▸ **Your task**: Reproduce, unchanged, the lines between the one holding "3D卡通小女孩放红色的蝴蝶风筝免抠元素" and the last line of the records, including both ends, but no pictures.

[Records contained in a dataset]
* * *
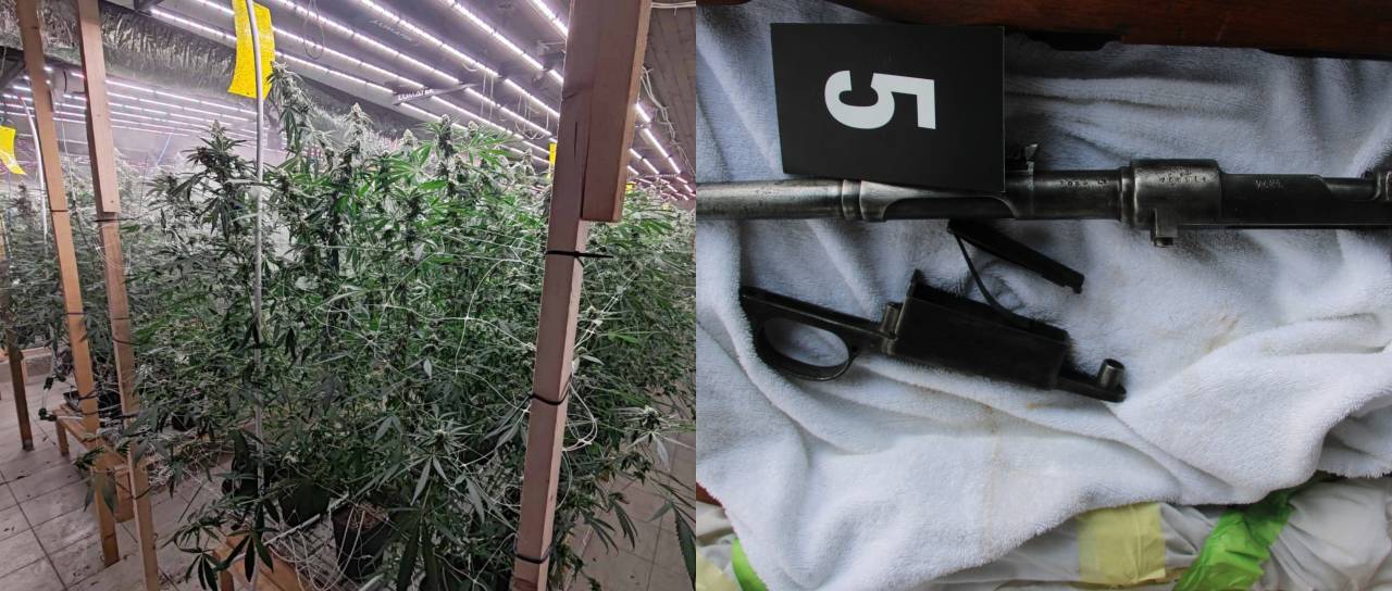 Zasegli so približno 500 gramov posušenih rastlinskih delcev, 198 stebel sadik konoplje ter dve lovski puški, za kateri osumljeni ni imel ustreznega dovoljenja.
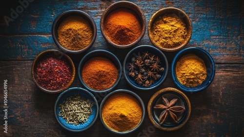 spice, bowl, vibrant, overhead, culinary, colourful, ingredient, cooking, decor, wooden, table, turmeric, paprika, star anise, cinnamon, cumin, fennel, seasoning, aromatic, natural, organic, texture, kitchen, food, preparation, epicure, exotic, assortment, arrangement, cookery, herb, favor, diversity, high-coloured, dry, traditional, international, ethnic, collection, savoury, condiment, appetising
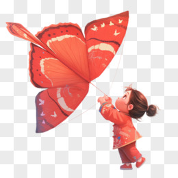 3D卡通小女孩放红色的蝴蝶风筝免抠元素
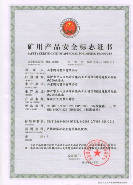 PE给水管材、PE燃气管材及PE阻燃、抗静电矿用管材、PE地源热泵管材、PE虹吸排水管材、PERT地暖管材以及配套PE给水管件等
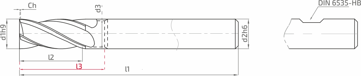 Nerecomandat| Stock | Order No | Code | d1h9 | d2h6 | d3 | l1 | l2 | l3 | Corner | Z | Weldon Order No |
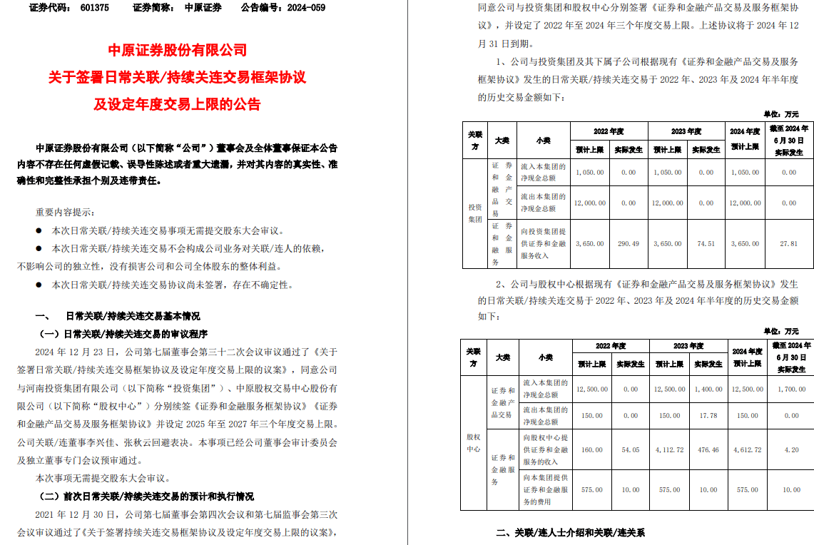 华夏证券第七届董事会第三十二次会议于2024年12月23日以通信表决体例召开。审议通过了《关于调整2024年度工资总额预算方案的议案》《关于2023年度鲁智礼先生薪酬的议案》《关于2023年度菅明军先生薪酬的议案》《2023年度公司高级办理人员薪酬方案》《关于调整总部部分的议案》《关于聘用证券事务代表的议案》《关于签订日常联系关系/持续干系买卖框架和谈及设定年度买卖上限的议案》。同意公司取河南投资集团无限公司(以下简称“投资集团”)、华夏股权买卖核心股份无限公司(以下简称“股权核心”)别离续签《证券和金融办事框架和谈》《证券和金融产物买卖及办事框架和谈》并设定2025年至2027年三个年度买卖上限。公司联系关系/连董事李兴佳、张秋云回避表决。本领项曾经公司董事会审计委员会及董事特地会议通过。
* * *
▸ **Problem solution**:
 3D卡通小女孩放红色的蝴蝶风筝免抠元素
 PE给水管材、PE燃气管材及PE阻燃、抗静电矿用管材、PE地源热泵管材、PE虹吸排水管材、PERT地暖管材以及配套PE给水管件等
 Nerecomandat| Stock | Order No | Code | d1h9 | d2h6 | d3 | l1 | l2 | l3 | Corner | Z | Weldon Order No |
 华夏证券第七届董事会第三十二次会议于2024年12月23日以通信表决体例召开。审议通过了《关于调整2024年度工资总额预算方案的议案》《关于2023年度鲁智礼先生薪酬的议案》《关于2023年度菅明军先生薪酬的议案》《2023年度公司高级办理人员薪酬方案》《关于调整总部部分的议案》《关于聘用证券事务代表的议案》《关于签订日常联系关系/持续干系买卖框架和谈及设定年度买卖上限的议案》。同意公司取河南投资集团无限公司(以下简称“投资集团”)、华夏股权买卖核心股份无限公司(以下简称“股权核心”)别离续签《证券和金融办事框架和谈》《证券和金融产物买卖及办事框架和谈》并设定2025年至2027年三个年度买卖上限。公司联系关系/连董事李兴佳、张秋云回避表决。本领项曾经公司董事会审计委员会及董事特地会议通过。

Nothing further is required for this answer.